# VPN OK from IOS, but not from Mac?



## kirkhayes (Aug 15, 2017)

OK, so I have been trying to setup my Windows computer at home so I can run around with my ios devices and my macbook while i travel.

I created a vpn L2tp on my Synology Nas and I was completely succesfull connecting to my windows computer (running tightvnc) via VPN and RealVnc Viewer from my iphone.

So next I decided to setup the VPN from my macbook. This was also succesful and I can connect to my home network from the mac.

However, when I launch RealVNC on my Mac and try to connect to the Laptop ...same exact configuration as from the iphone....it won't connect. 

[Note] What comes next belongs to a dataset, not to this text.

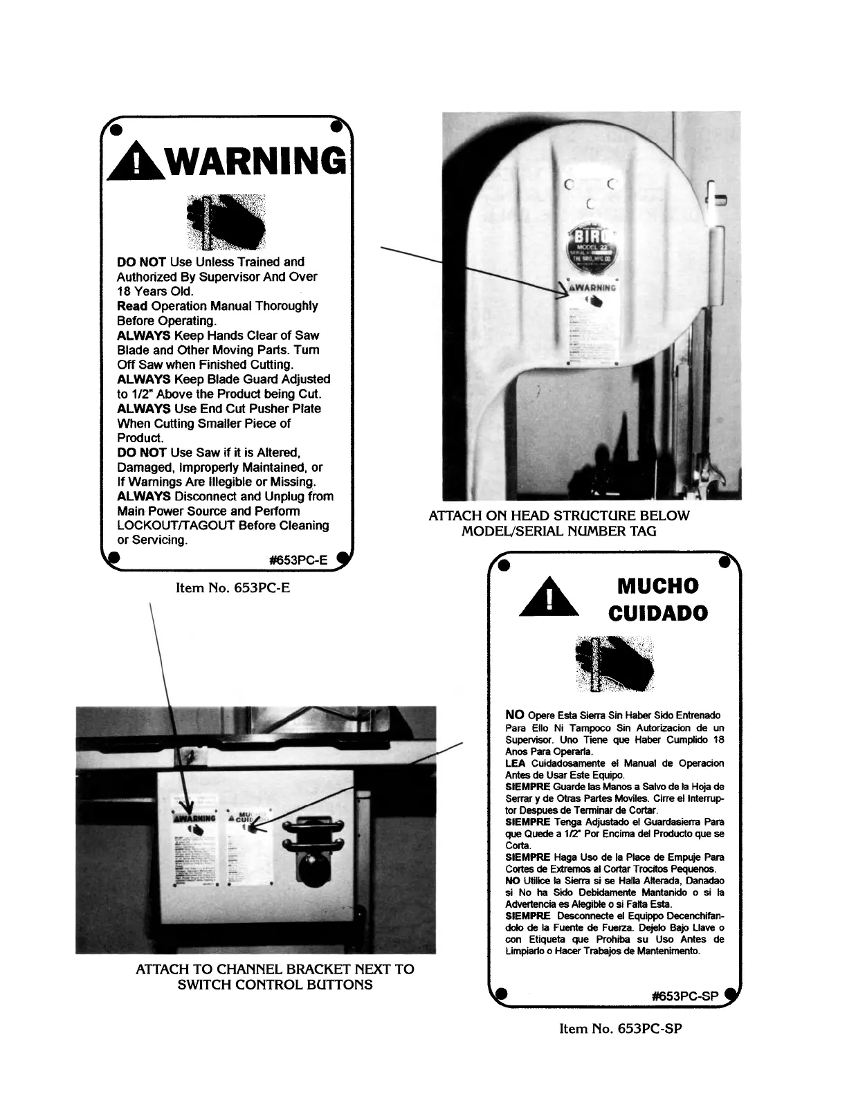 BIRO 3334 - Warning Label Locations on Machine

It will give me an error stating that perhaps the computer is not configured for remotedesktop connections, etc... But here's the kicker, I can remote to it from local network, just not VPN.

Iphone can connect local and vpn with realvnc
Macbook can connect local, but can not connect via VPN with realvnc

Any ideas?

Thanks,

Kirk


----------



## Markhascole (Mar 22, 2017)

I think it's a problem of your VPN.
You have to use any fast VPN like Express to sort out this issue.


----------



## spunk.funk (May 13, 2010)

REAL VNC is one of the fastest VPN programs for home users and companies as well. 
Here is a check list of things to make sure you get a good connection: https://www.howtogeek.com/214220/HOW-TO-ACCESS-YOUR-MACS-SCREEN-FROM-WINDOWS-AND-VICE-VERSA/


----------